%%
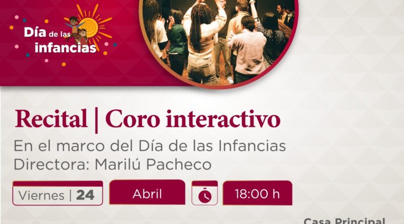 Xalapa, Ver., martes 21 de abril de 2026.- En el marco del Día de las Infancias, la Secretaría de Cultura de Veracruz (SECVER) invita al Recital Coro Interactivo, a cargo de Marilú Pacheco, el viernes 24 de abril a las 18:00 horas, en el Centro Cultural Casa Principal, en la ciudad de Veracruz. La entrada es gratuita.
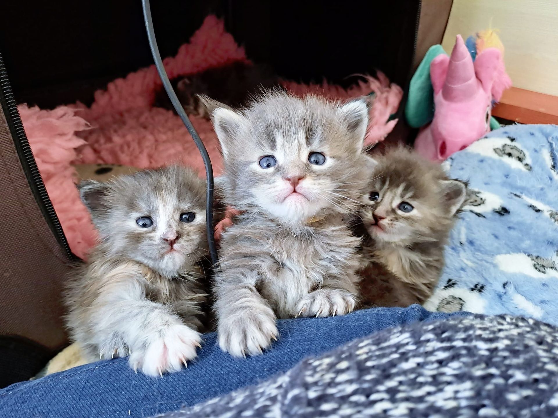 Die 4 Osterkätzinnen und 3 Osterkater sind wohlauf und haben in den ersten 3 Tagen schon mächtig zugenommen.
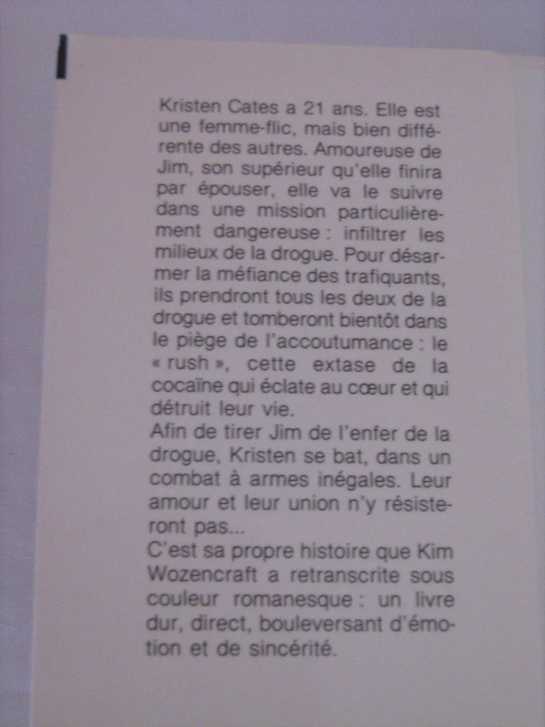 Vends livre Rush de Kim Wozencraft . Très bon état. "Kristen Cates a 21 ans. Elle est une femme-flic, mais bien différente des autres. Amoureuse de Jim, son supérieur qu'elle finira par épouser, elle va le suivre dans une mission particulièrement dangereuse : infiltrer les milieux de la drogue. Pour désarmer la méfiance des trafiquants, ils prendront tous les deux de la drogue et tomberont bientôt dans le pièce de l'accoutumance : le "rush", cette extase de la cocaïne qui éclate au cœur et qui détruit leur vie. Afin de tirer Jim de l'enfer de la drogue, Kristen se bat, dans un combat à armes inégales. Leur amour et leur union n'y résisteront pas..." C'est sa propre histoire que Kim Wozencraft a retranscrite sous couleur romanesque : un livre dur, direct, bouleversant d'émotion et de sincérité. N'hésitez pas à consulter mes autres annonces.
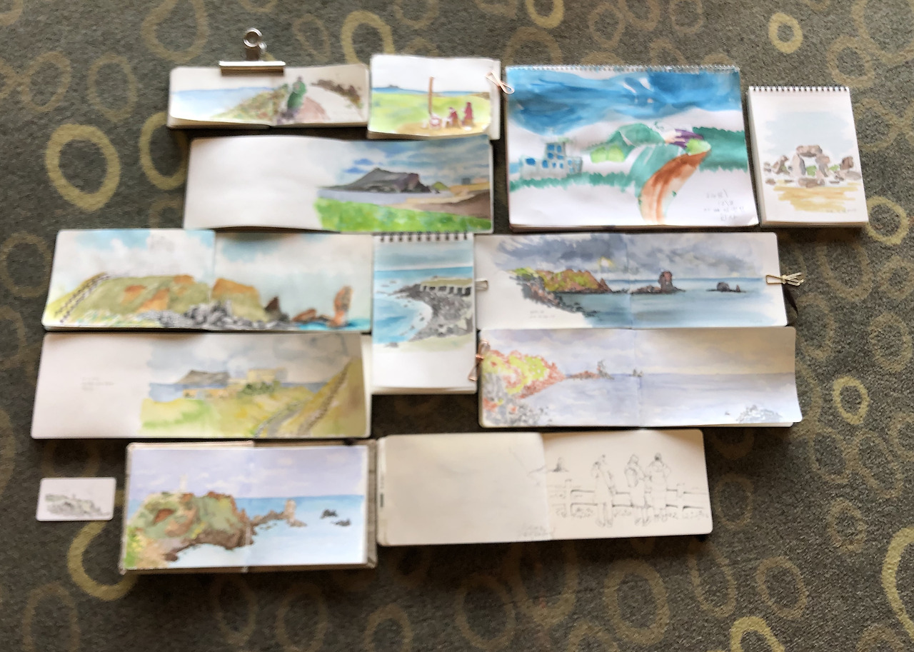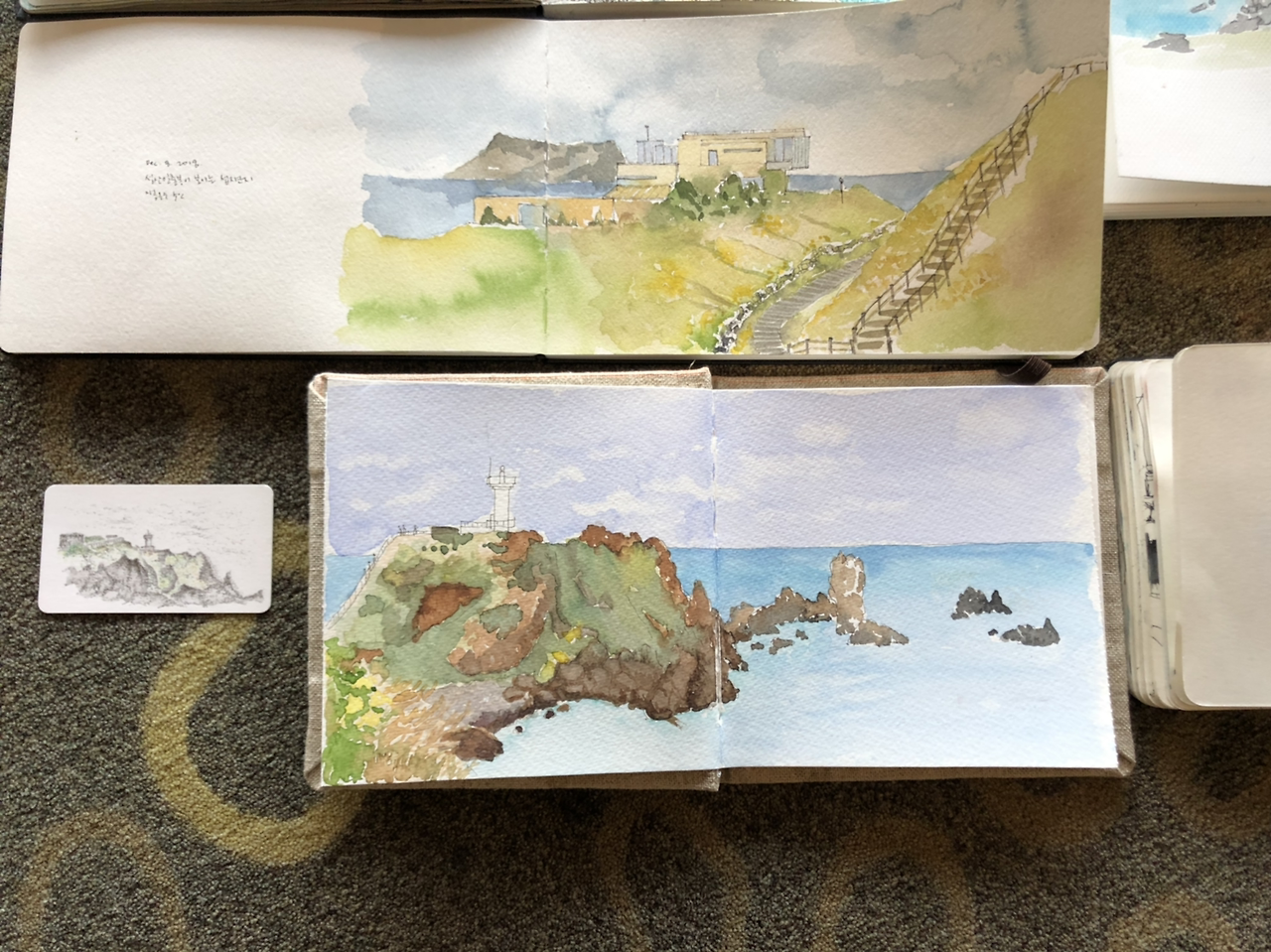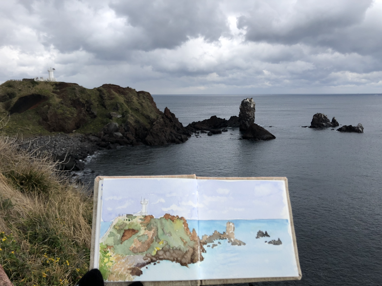 섭지코지를 돌며 각자 그릴 곳을 찾는다.
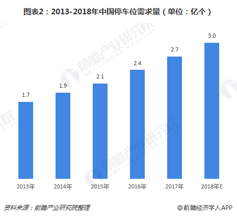 汽车保有量的增加,带来了停车需求的飙升,预计2018年停车位需求在3.0亿个左右。而相比于日益增长的汽车保有量,我国停车位数量严重偏低,停车设施建设速度远滞后于汽车保有量增长速度,停车位供给缺口巨大。
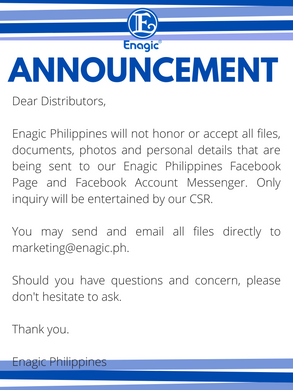 Enagic Philippines will not honor or accept all files, documents, photos and personal details that are being sent to our Enagic Philippines Facebook Page and Facebook Account Messenger. Only inquiry will be entertained by our CSR.
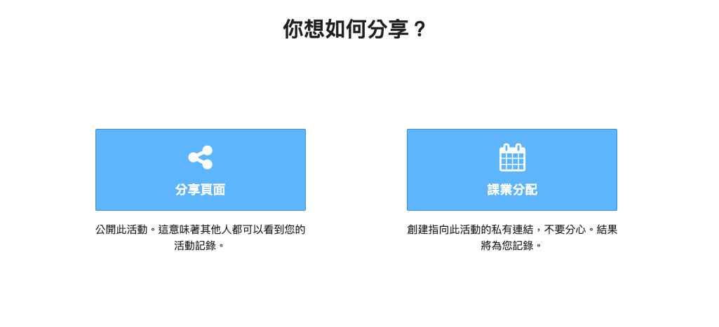 測驗建立完成後,點擊右下角「分享」,可選擇分享頁面。與教師們共同分享測驗內容。同時,各大出版社(翰林、康軒)皆有製作課程測驗,可直接使用於課堂。
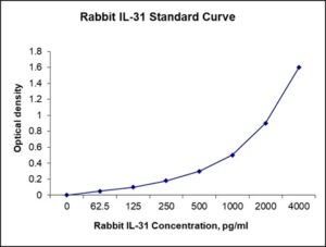 This ELISA kit is for quantification of IL-31 in rabbit. This is a quick ELISA assay that reduces time to 50% compared to the conventional method, and the entire assay only takes 3 hours. This assay employs the quantitative sandwich enzyme immunoassay technique and uses biotin-streptavidin chemistry to improve the performance of the assays. An antibody specific for IL-31 has been pre-coated onto a microplate. Standards and samples are pipetted into the wells and any IL-31 present is bound by the immobilized antibody. After washing away any unbound substances, a detection antibody specific for IL-31 is added to the wells. Following wash to remove any unbound antibody reagent, a detection reagent is added. After intensive wash a substrate solution is added to the wells and color develops in proportion to the amount of IL-31 bound in the initial step. The color development is stopped, and the intensity of the color is measured.
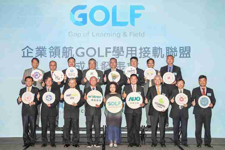 GOLF学用接轨联盟集结企业和学校的力量,,打造「学用合一、、、产学接轨」的创新合作平台 (前排左起:淡江大学副校长何启东、、、元智大学校长林启瑞、、、纬育执行长许延岳、、、纬创总经理暨执行长黄柏漙、、教育部政务次长范巽绿、、、、人生就是博董事长暨执行长彭双浪、、、仁宝总经理暨执行长翁宗斌、、、大同大学校长何明果、、、圣约翰科大校长艾和昌;后排左起:明新科大校长林启瑞、、、龙华科大校长葛自祥、、、台湾科大校长廖庆荣、、、、中兴大学副校长郑政峯、、、中央大学校长周景扬、、、、台北科大副校长任贻均、、、中华科大副校长石大明、、明志科大校长刘祖华)
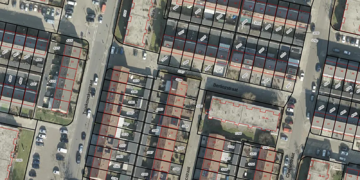 Gebruik de zoekbalk of klik op een perceel voor informatie over de adressen binnen dit perceel.
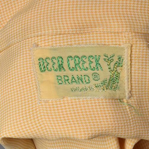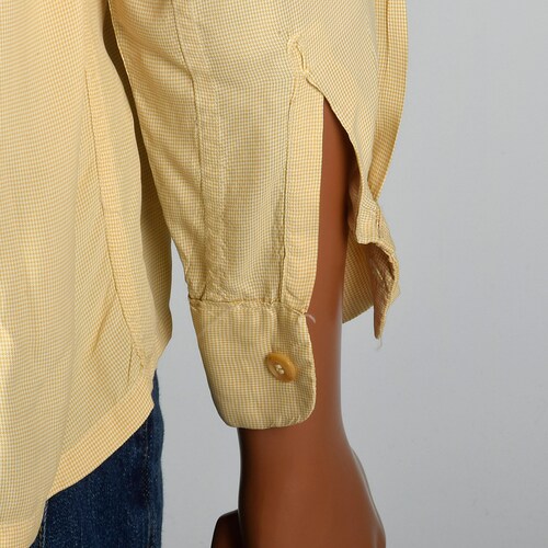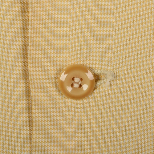 - Large 1950s Mens Yellow Micro Check Shirt Pointed Loop Collar Square Bottom Long Sleeve Vintage 50s Rockabilly Button Down
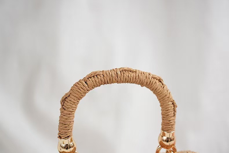爆発的な高級感草編みバッグ軽贅沢竹節手提げバッグ手作りバッグ鉄フレーム斜めショルダーバッグ
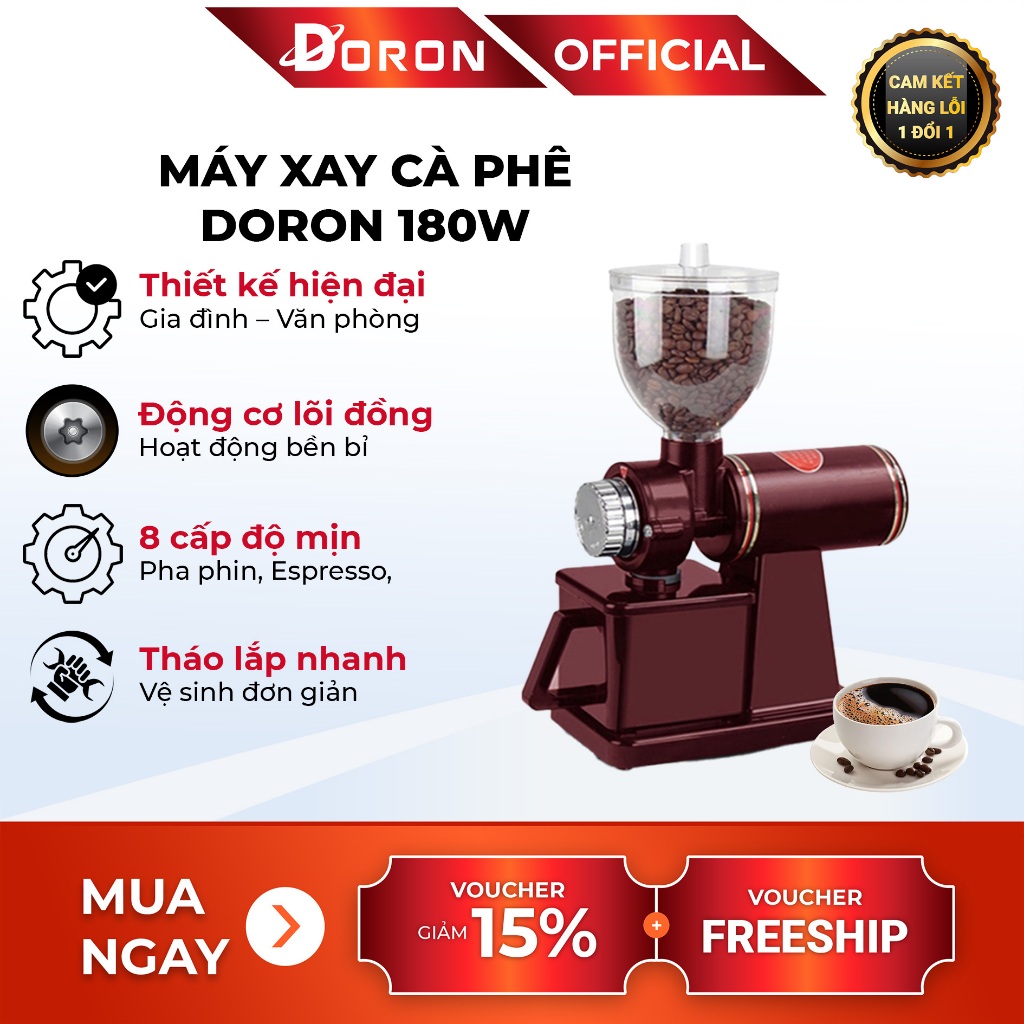 Máy xay cafe siêu mịn DORON 180W màu sấc hiện đại, kiểu dáng sang trọng
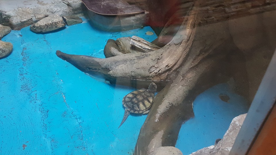 늑대거북입니다 거북이를 물속에서 만나지 못하고 이렇게 유리너머로 보니 왠지 측은한 마음이 들었네요 늑대거북은 날카롱ㄴ 턱을 이용하여 입에 들어가는 것은 무엇이든 닥치는 대로 먹어치우는 무서운 녀석이라고 합니다
%%
**The task**.
Begin at the first line of the listing and print each line exactly. Stop after the line containing "Die 4 Osterkätzinnen", and omit all pictures.

**Your response**.
 Xalapa, Ver., martes 21 de abril de 2026.- En el marco del Día de las Infancias, la Secretaría de Cultura de Veracruz (SECVER) invita al Recital Coro Interactivo, a cargo de Marilú Pacheco, el viernes 24 de abril a las 18:00 horas, en el Centro Cultural Casa Principal, en la ciudad de Veracruz. La entrada es gratuita.
 Die 4 Osterkätzinnen und 3 Osterkater sind wohlauf und haben in den ersten 3 Tagen schon mächtig zugenommen.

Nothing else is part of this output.